[EXERCISE]
Return each line of the data below verbatim; pictures are to be left out.

[SOURCE DATA]
== == ==

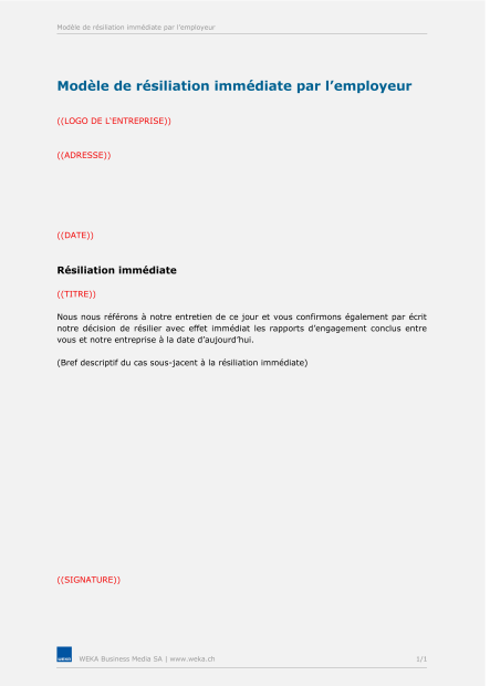 - En tant qu'employeur, vous ne prenez aucun risque juridique inutile en prononçant une résiliation immédiate.
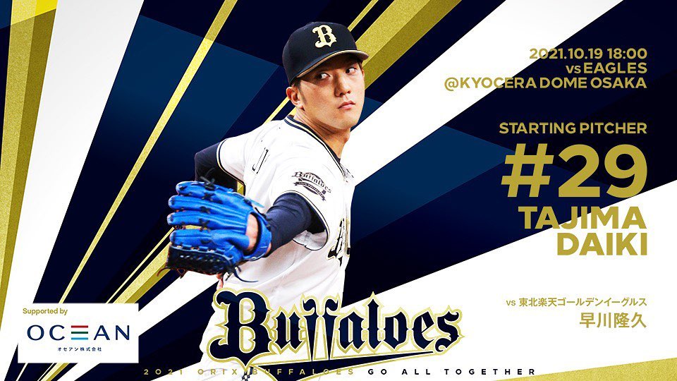 #10月19日 #楽天戦 #予告先発投手 #田嶋大樹 #京セラドーム大阪 #18時00分試合開始 #Bs2021 #buffaloes #baseball #ORIX #プロ野球 10月19日18時00分試合開始baseballBs2021buffaloesNPB Pacific LeagueOfficial MediaORIXORIX BuffaloesORIX Buffaloes Official Mediaオリックス・バファローズプロ野球予告先発投手京セラドーム大阪楽天戦田嶋大樹 NPBHUB.COM | The Fanbase of Nippon Baseball & Nippon Professional Baseball
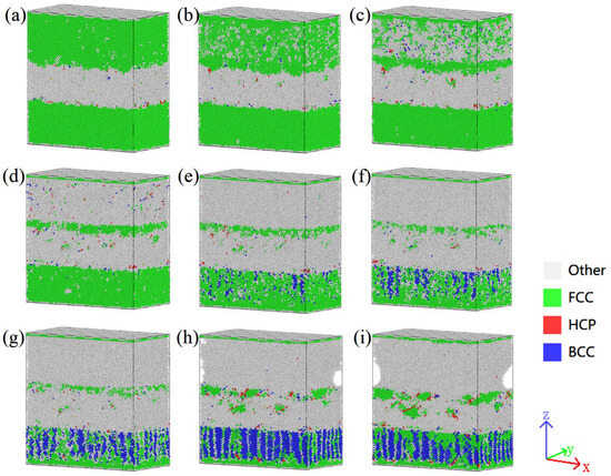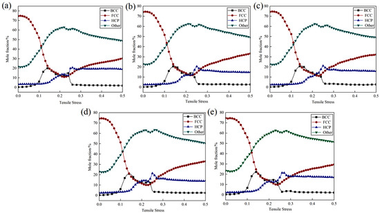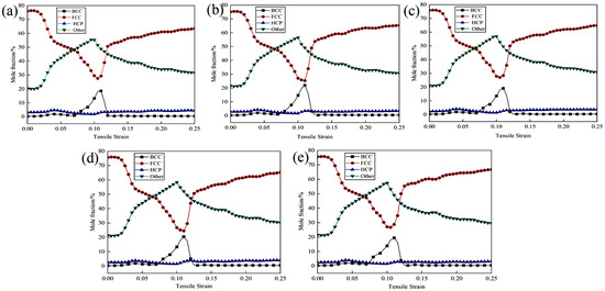 Plastic deformation is typically accompanied by microstructural changes, including dislocation movement, phase transformation, and twinning. Different phases may exhibit varying responses during these processes. The face-centered cubic (FCC) structure, characterized by a greater number of slip systems, is more susceptible to dislocation slip and generally demonstrates superior plastic deformation capabilities. In contrast, although the body-centered cubic (BCC) structure also possesses numerous slip systems, dislocation movement in this structure may encounter more obstacles, resulting in higher strength but lower plasticity compared to FCC. The close-packed hexagonal (HCP) structure, with fewer slip systems, tends to rely more on twinning during deformation, leading to weaker plastic deformation capabilities and a higher propensity for brittle fracture. Figure 4 illustrates the phase structure evolution of Cu-Zr/Al2Cu/Al vertical interfaces with varying Zr contents during the tensile process. As depicted in Figure 4a–e, the overall trends in the phase structures of the five models remain consistent throughout the tensile deformation process: the FCC phase initially decreases before increasing, the Other phase first increases and then decreases, and the BCC phase exhibits a minor peak, while the HCP phase remains nearly unchanged. During the elastic deformation stage, the FCC structure predominates, constituting 76% of the total; the BCC structure comprises approximately 0.35%; the HCP structure accounts for around 2.65%; and the Other-type (Other) structure makes up about 21%. This distribution is attributed to the initial model, where both single-crystal Cu and single-crystal Al are face-centered cubic structures (FCC), while Al2Cu adopts a tetragonal crystal system. At the onset of tensile deformation, the atomic arrangement within the material has not undergone significant changes, resulting in a relatively stable phase structure distribution.
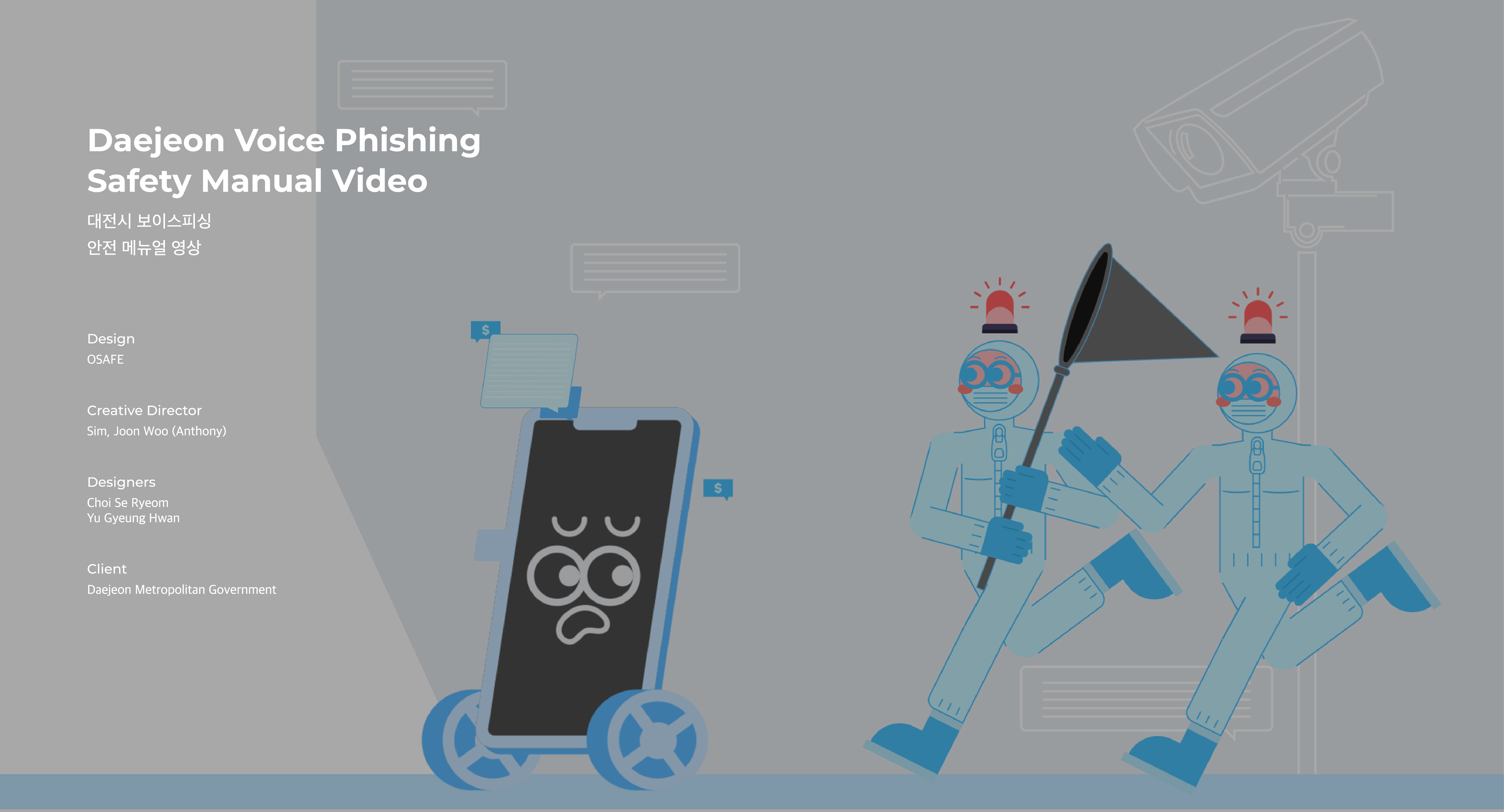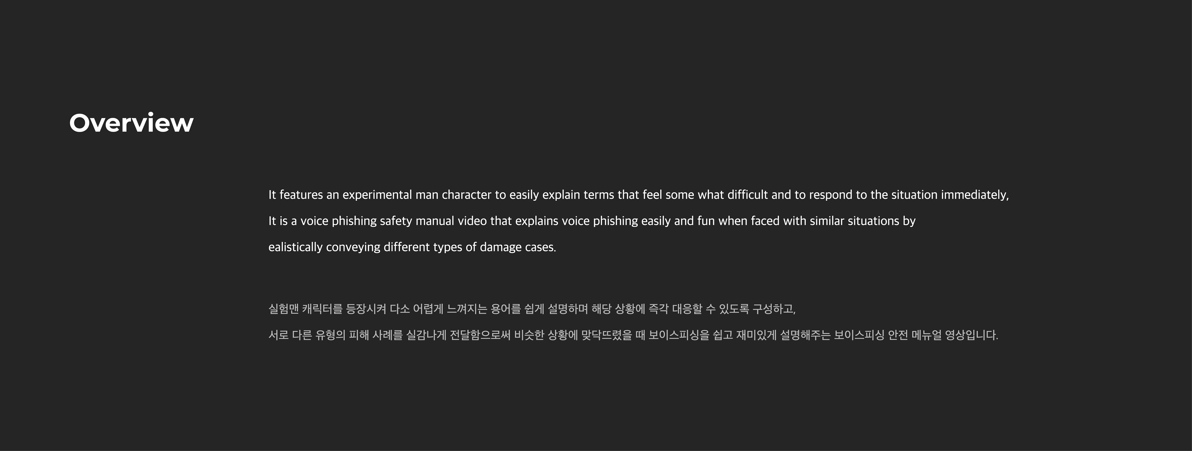 실험맨 캐릭터를 등장시켜 다소 어렵게 느껴지는 용어를 쉽게 설명하며 해당 상황에 즉각 대응할 수 있도록 구성하고, 서로 다른 유형의 사례를 실감나게 전달함으로써 비슷한 상황에 맞닥뜨렸을 때 보이스피싱을 쉽고 재미있게 설명해주는 보이스피싱 안전 메뉴얼 영상입니다. It is a voice phishing safety manual video that easily explains terms that seem somewhat difficult by featuring experimental man characters, organizes them to respond immediately to the situation, and easily and funly explains voice phishing when faced with similar situations by delivering different types of cases realistically.

== == ==

[ANSWER FOR THIS EXERCISE]
 - En tant qu'employeur, vous ne prenez aucun risque juridique inutile en prononçant une résiliation immédiate.
 #10月19日 #楽天戦 #予告先発投手 #田嶋大樹 #京セラドーム大阪 #18時00分試合開始 #Bs2021 #buffaloes #baseball #ORIX #プロ野球 10月19日18時00分試合開始baseballBs2021buffaloesNPB Pacific LeagueOfficial MediaORIXORIX BuffaloesORIX Buffaloes Official Mediaオリックス・バファローズプロ野球予告先発投手京セラドーム大阪楽天戦田嶋大樹 NPBHUB.COM | The Fanbase of Nippon Baseball & Nippon Professional Baseball
 Plastic deformation is typically accompanied by microstructural changes, including dislocation movement, phase transformation, and twinning. Different phases may exhibit varying responses during these processes. The face-centered cubic (FCC) structure, characterized by a greater number of slip systems, is more susceptible to dislocation slip and generally demonstrates superior plastic deformation capabilities. In contrast, although the body-centered cubic (BCC) structure also possesses numerous slip systems, dislocation movement in this structure may encounter more obstacles, resulting in higher strength but lower plasticity compared to FCC. The close-packed hexagonal (HCP) structure, with fewer slip systems, tends to rely more on twinning during deformation, leading to weaker plastic deformation capabilities and a higher propensity for brittle fracture. Figure 4 illustrates the phase structure evolution of Cu-Zr/Al2Cu/Al vertical interfaces with varying Zr contents during the tensile process. As depicted in Figure 4a–e, the overall trends in the phase structures of the five models remain consistent throughout the tensile deformation process: the FCC phase initially decreases before increasing, the Other phase first increases and then decreases, and the BCC phase exhibits a minor peak, while the HCP phase remains nearly unchanged. During the elastic deformation stage, the FCC structure predominates, constituting 76% of the total; the BCC structure comprises approximately 0.35%; the HCP structure accounts for around 2.65%; and the Other-type (Other) structure makes up about 21%. This distribution is attributed to the initial model, where both single-crystal Cu and single-crystal Al are face-centered cubic structures (FCC), while Al2Cu adopts a tetragonal crystal system. At the onset of tensile deformation, the atomic arrangement within the material has not undergone significant changes, resulting in a relatively stable phase structure distribution.
 실험맨 캐릭터를 등장시켜 다소 어렵게 느껴지는 용어를 쉽게 설명하며 해당 상황에 즉각 대응할 수 있도록 구성하고, 서로 다른 유형의 사례를 실감나게 전달함으로써 비슷한 상황에 맞닥뜨렸을 때 보이스피싱을 쉽고 재미있게 설명해주는 보이스피싱 안전 메뉴얼 영상입니다. It is a voice phishing safety manual video that easily explains terms that seem somewhat difficult by featuring experimental man characters, organizes them to respond immediately to the situation, and easily and funly explains voice phishing when faced with similar situations by delivering different types of cases realistically.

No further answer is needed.